*** Opening Data excerpt ***
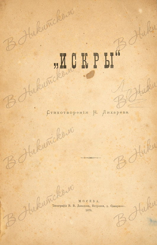 Лихарев, Н. Искры. Стихотворения. М.: Типография В.В. Давыдова, 1879.
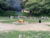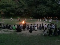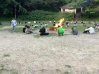 キャンプファイヤーです。火の神が登場して、協力の火、友情の火、元気の火をさずけら...
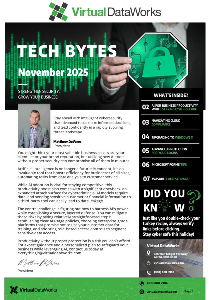 Welcome to the November Edition of Tech Bytes! This month, we’re highlighting transformative developments in technology and cybersecurity. Learn how to stay secure while enhancing productivity with AI, navigate the complexities of Cloud compliance, explore advanced login protection strategies, empower your team with Microsoft Forms best practices, and discover the benefits of Cloud Storage with…
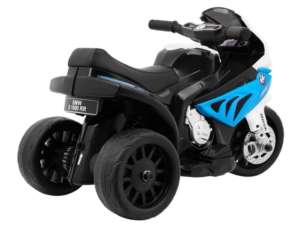 Детски акумулаторен мотор BMW S1000RR триколка синя с лиценз на BMW е отличен избор за семейства с деца за разходки или игра в градината. Като кара детския мотор, детето развива своите умения за управление и баланс. Моторът се движи само напред и е оборудван с ергономично седалка, която осигурява комфорт за детето. Детският мотор също разполага с вградени светлинни ефекти и стилен дизайн, който няма да остане незабелязан. Не е нужно да се притеснявате, че детето ще излезе от полезрението ви. Моторът достига максимална скорост от 2 км/ч. Подходящ е за деца над 18 месеца и е сертифициран според европейския стандарт за безопасност CE.
*** Closing Data excerpt ***
- **Try it**
Retype each line above exactly. Leave the images out.

- **Completed exercise**
 Лихарев, Н. Искры. Стихотворения. М.: Типография В.В. Давыдова, 1879.
 キャンプファイヤーです。火の神が登場して、協力の火、友情の火、元気の火をさずけら...
 Welcome to the November Edition of Tech Bytes! This month, we’re highlighting transformative developments in technology and cybersecurity. Learn how to stay secure while enhancing productivity with AI, navigate the complexities of Cloud compliance, explore advanced login protection strategies, empower your team with Microsoft Forms best practices, and discover the benefits of Cloud Storage with…
 Детски акумулаторен мотор BMW S1000RR триколка синя с лиценз на BMW е отличен избор за семейства с деца за разходки или игра в градината. Като кара детския мотор, детето развива своите умения за управление и баланс. Моторът се движи само напред и е оборудван с ергономично седалка, която осигурява комфорт за детето. Детският мотор също разполага с вградени светлинни ефекти и стилен дизайн, който няма да остане незабелязан. Не е нужно да се притеснявате, че детето ще излезе от полезрението ви. Моторът достига максимална скорост от 2 км/ч. Подходящ е за деца над 18 месеца и е сертифициран според европейския стандарт за безопасност CE.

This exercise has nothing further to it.